Closed taz4270 closed 5 years ago
There is something inside of Browser.CreatePageInContextAsync
or a property missing, that doesn't allow the program to proceed
Because I've been searching your code inside-out and even tried to find a result, I tried to make a method to find how deep i could go to find more precise as I could:
private static async Task<Page> SepareteContext(Browser browser){
var browserContextArray = browser.BrowserContexts();
var browserContext = browserContextArray.LastOrDefault();
if (browserContext is null)
return null;
var page = await browserContext.NewPageAsync(); //Even tried with .ConfigureAwait(false)
return page;
}
The bug occurrs when page is awaiting for browserContext.NewPageAsync()
, it never has the anwser back
PS: this is inside NewPage
Now
What is NewPage
doing?
NewPage
is like NewPageAsync
but synchronous
@taz4270 how are you making that synchronous?
Sort of, it's a "weird specie of a bird", That is synchronous but it waits for Tasks to be executed
I bet you're are locking the thread preventing Puppeteer from getting messages from chromium, you should await all the way.
I'm not sure about that, the Task is the responsable to get the message, besides, i already did it once, and even got the anwser, but now, i migrated to my main testbench and it blew up, and I can't even access the other IIS anymore, it doesnt allow me xD
I can't do full async
because most of my program doesn't support it
That's why I'm asking how are you waiting for the task. If you do browser.NewPage().Result
it'll just not going to work.
of course not. but Task.Run(()=>browser.NewPageAsync()).Result
do, but not on ISS, trust me, i did it on windows forms but i cant do it on IIS xD
You should never use .Result
There are many documents talking about this https://msdn.microsoft.com/en-us/magazine/jj991977.aspx
You can wrap it inside a Task.Run but you should wrap your entire functionality not just pieces. Puppeteer is async by definition there is no way to change that.
I will try, but how can you explain me is it working on windows forms, and all other methods work fine as a line?
@taz4270 ASP.NET and Winforms don't share the same synchronization context.
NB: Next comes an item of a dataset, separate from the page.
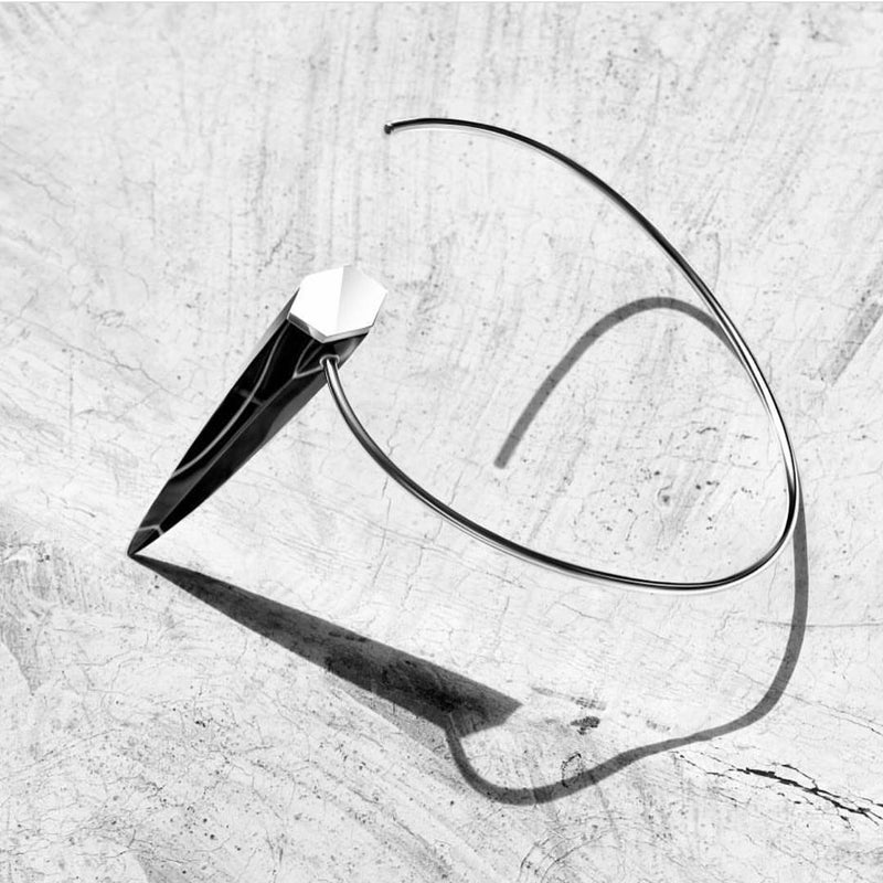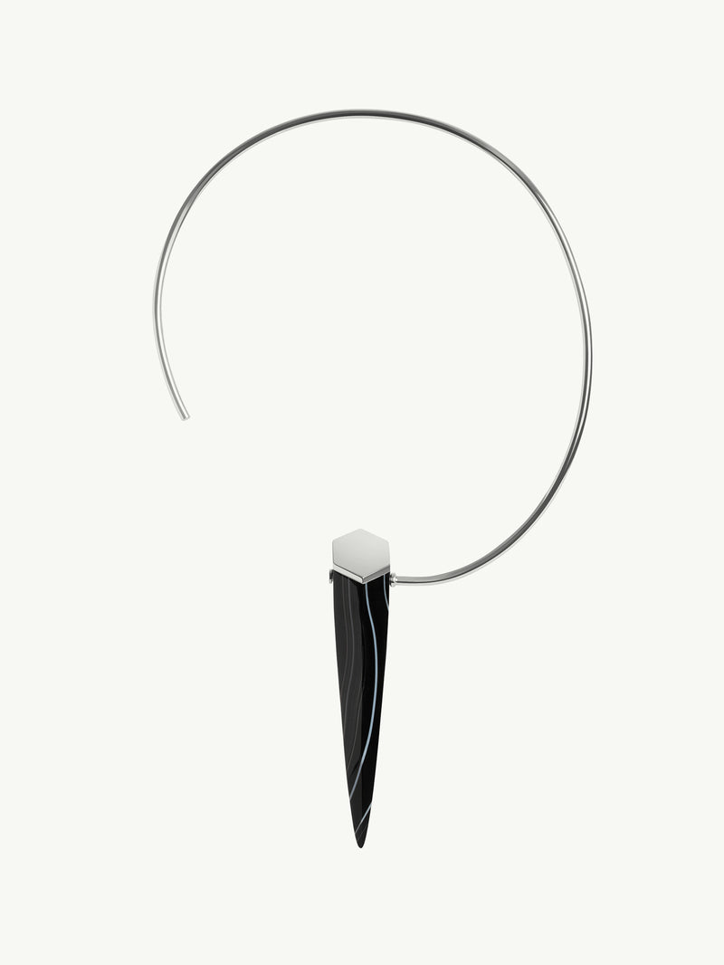 The Black Onyx Pendulum Sculptural Necklace by Angie Marei is daring in its unique, bold design inspired by ancient artifacts. Featuring a salient black onyx pendant, beautifully hand-carved, faceted, and polished from natural raw gemstone by highly skilled artisans. The hand-forged sterling silver neckpiece contours around the collar bone, suspending the black onyx talisman pendant.

This is a good reading https://msdn.microsoft.com/en-us/magazine/gg598924.aspx
Ok, thanks, now i have to make everything from the ground i think 👍
Nop i was right, its was not my fault, i did everything, in IIS, async
, but still locks there. At the same point as before Page page = await browser.NewPageAsync();
@taz4270 can you share some testable code?
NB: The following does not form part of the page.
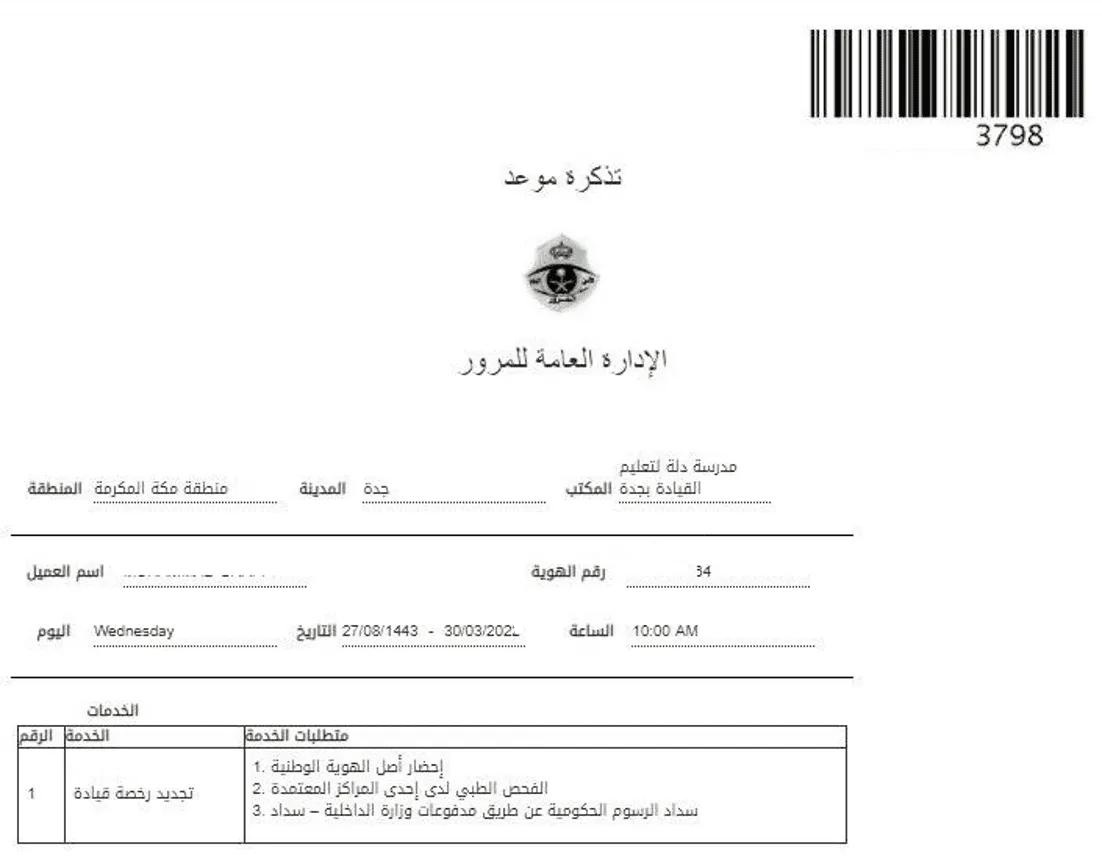اكتب جميع المعلومات الخاصة بالمواعيد التي تريد حجزها في المرور، واكتب المعلومات في مكانها المخصص.

I will try tomorrow, but today i cant
So, as you know there is an issue in browser.NewPageAsync
and here is the context
public class HeadlessBrowser
{
private static readonly string HostPath = HostingEnvironment.MapPath("~/App_Data/");
private string ExecutionPath { get; set; }
private Page CurrentPage { get; set; }
public string Link { get; set; }
public HeadlessBrowser(string link)
{
Link = link;
}
public async Task Setup()
{
ExecutionPath = await GetExecutionPathAsync();
CurrentPage = await GetPageAsync();
}
private static BrowserFetcher GetBrowserFetcher() => new BrowserFetcher(new BrowserFetcherOptions()
{
Path = HostPath
});
private static async Task<string> GetExecutionPathAsync()
{
BrowserFetcher browserFetcher = GetBrowserFetcher();
string ExecutionPath = browserFetcher.GetExecutablePath(BrowserFetcher.DefaultRevision);
if (!File.Exists(ExecutionPath))
await browserFetcher.DownloadAsync(BrowserFetcher.DefaultRevision);
return ExecutionPath;
}
private async Task<Browser> GetBrowserAsync => await Puppeteer.LaunchAsync(new LaunchOptions()
{
Headless = true,
ExecutablePath = ExecutionPath
});
private async Task<Page> GetPageAsync()
{
return await GetNavigatedPageAsync(await GetBrowserAsync());
}
private async Task<Page> GetNavigatedPageAsync(Browser browser)
{
try
{
Page page = await browser.NewPageAsync(); //Turns into a vegetable
await page.GoToAsync(Link,30000);
}
catch (Exception e)
{
//It never comes to this part
Debug.WriteLine(e);
throw e.GetBaseException();
}
}
public async Task<Stream> GetScreenshotStreamAsync() => await CurrentPage.ScreenshotStreamAsync();
//Thats all you need to know about this class
}
Now the WebApi
[RoutePrefix("api")]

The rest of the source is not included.